The Republican Party is hard at work in Pennsylvania. Under a new bill now making its way through the state legislature, the state would change its long-standing practice of awarding Electoral College votes under a winner-take-all system and instead would award them by Congressional districts. Why would Pennsylvania Republicans take this new route? According to Dominic Pileggi, the Senate majority leader, “The goal is to have the votes in the Electoral College more closely reflect the popular vote . . . [and] [t]his is one way to do that.”
Last week, I was asked by the Washington Post to host an online session on this issue. The questions were many and I couldn't possibly get to all of them in the time allotted. Two themes immediately emerged. One was the notion that Republicans were rigging the rules of the game for political advantage. A second was that Democrats were no better and would do the same thing if they could get away with it.
The political calculation is easy enough to discern. Republicans are assuming that they will lose the statewide popular vote, something they have done since 1988. But this is not a slam-dunk as a question of politics. In going to a districting system, the state is simply shifting electoral incentives and will force candidates to campaign differently. Whether this makes sense as a question of partisan politics thus requires a crystal ball, and Republicans clearly do not have one.

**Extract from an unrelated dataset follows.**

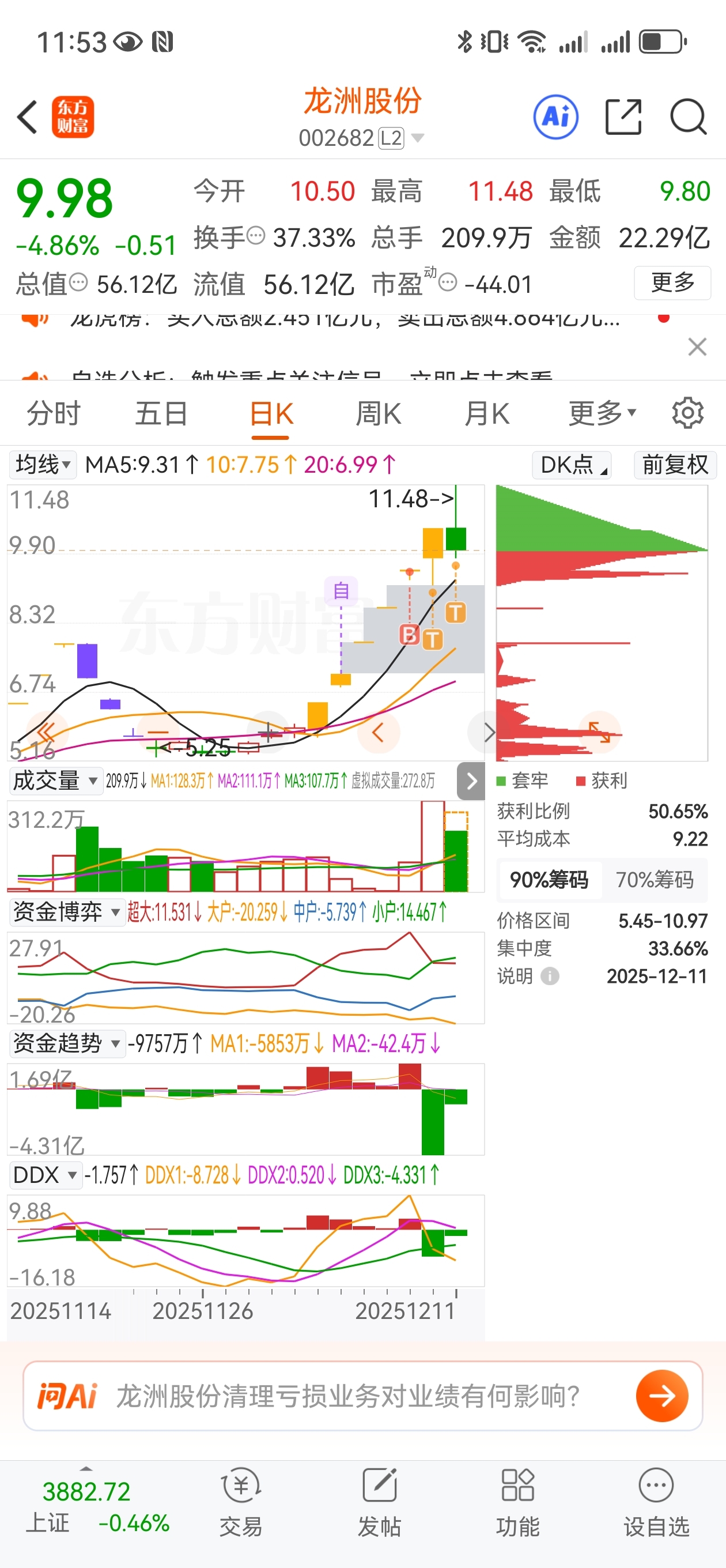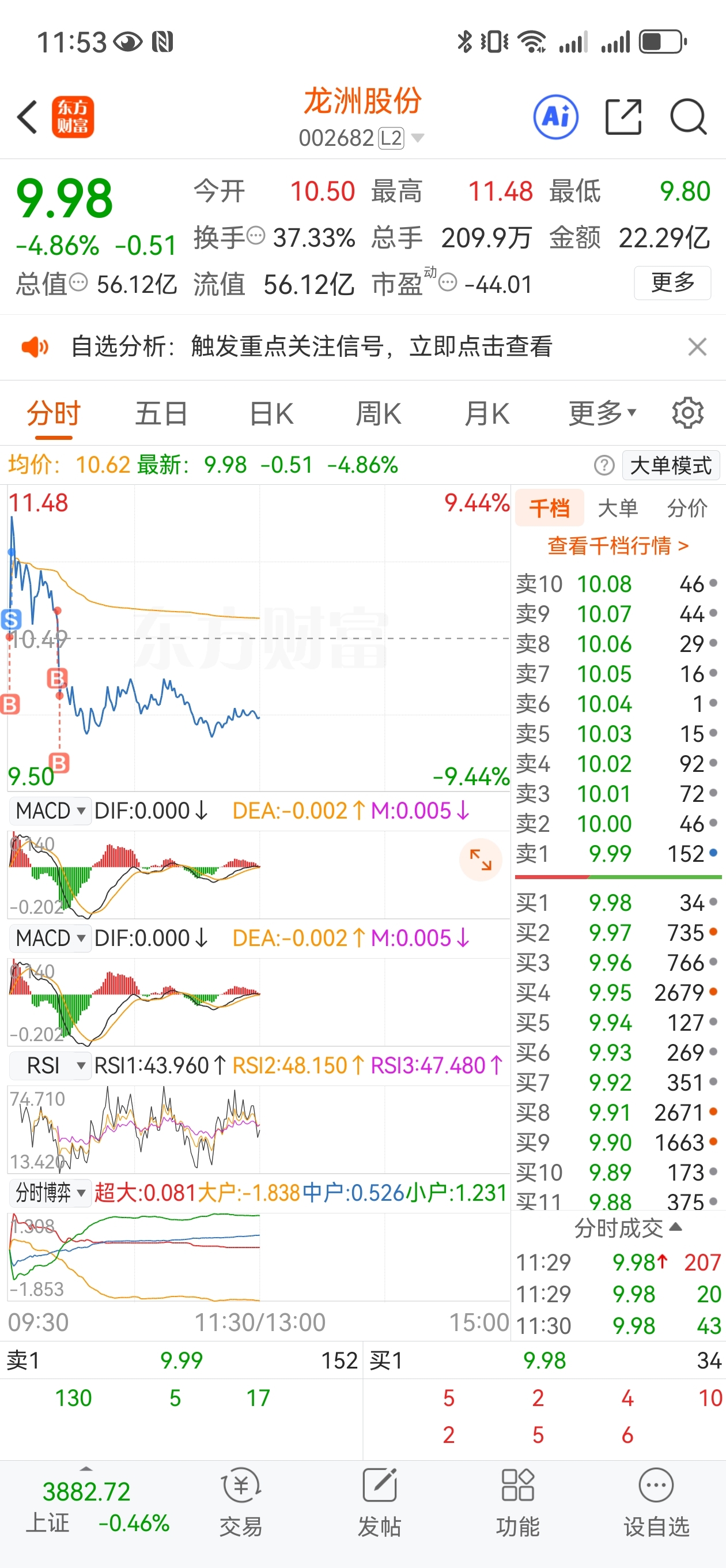 $龙洲股份(SZ002682)$ 竞价超预期,开盘五分钟承接也很强,早盘量能符合预期,昨日9.8开盘价稳如泰山,今天唯一败笔就是短线情绪波动较大,东百继续强势更有辨识度,卡位可能较大,看午盘修复怎么样吧

It is hard to get worked up over this. This is precisely what we would expect from a state where one party controls both the governorship and the state legislature. And yet, it is hard not to be cynical about it. The question of how we elect a president is fraught with much difficulty. This is not an easy question, and the American nation has struggled with answers from the time of the founding. While I am agnostic whether the Electoral College should be amended or even abolished, I am far more confident in the view that political expediency should play no role in this debate.